I have no idea of what is going on, since there's no clear evidence of what is failing.
I don't think it's a temperature problem for different reasons:

this server was a plain linux box which didn't have such problems before migrating to PVE
the server, this time, hanged during non-working hours (around 7.05AM today) so there were not much I/O and enviroment temperature was likely not too high
SMART should come up with some "failing" alert if temperature was so high
I grepped the whole syslog for Airflow_Temperature_Cel value and found that the average value is around 65, so it seems to be a normal value.

Any idea?

nixcz · Sep 3, 2015

No additional ideas other than that your motherboard components might be going south on you. I just wanted to clear up my earlier assertion. I realized from your latest logs that I was looking at the wrong attribute.

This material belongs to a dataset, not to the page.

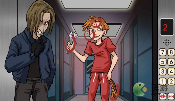 1、汉字找茬王电梯战神,需要在电梯到达前求救,首先第一个场景点击抓痕、血迹、锤子、手套、高跟鞋,选择逃跑
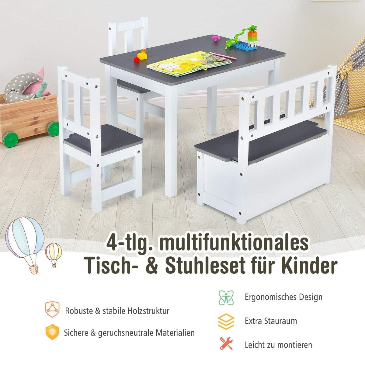4-delt barnesittegruppe tre sittegruppe barnebordgruppe grå + hvit

SMART attribute 190 is the difference from 100C, while attribute 194 is the actual temperature. You can see from some lines there that the actual temperature appears to be in the mid to high 30s. Sorry for the misdirection.

casalicomputers · Sep 30, 2015

Hello,
I finally found the cause of the issue!
I just disabled scheduled backups of the two VMs, and the host stayed up for 2 weeks without interruptions.

Now, I'm looking for an alternative solution to vzdump+lzo backups ....

vkhera · Oct 2, 2015

I don't use compression on my backups. One one of my vm's which is too large for vzdump to complete backing up to an NFS mount (in under 24 hours!) I use zfs send/receive with a simple script that does basically "qm snapshot" followed by zfs send/receive followed by "qm delsnapshot" of the prior snapshot and deleting of the old snapshots on the remote zfs volume.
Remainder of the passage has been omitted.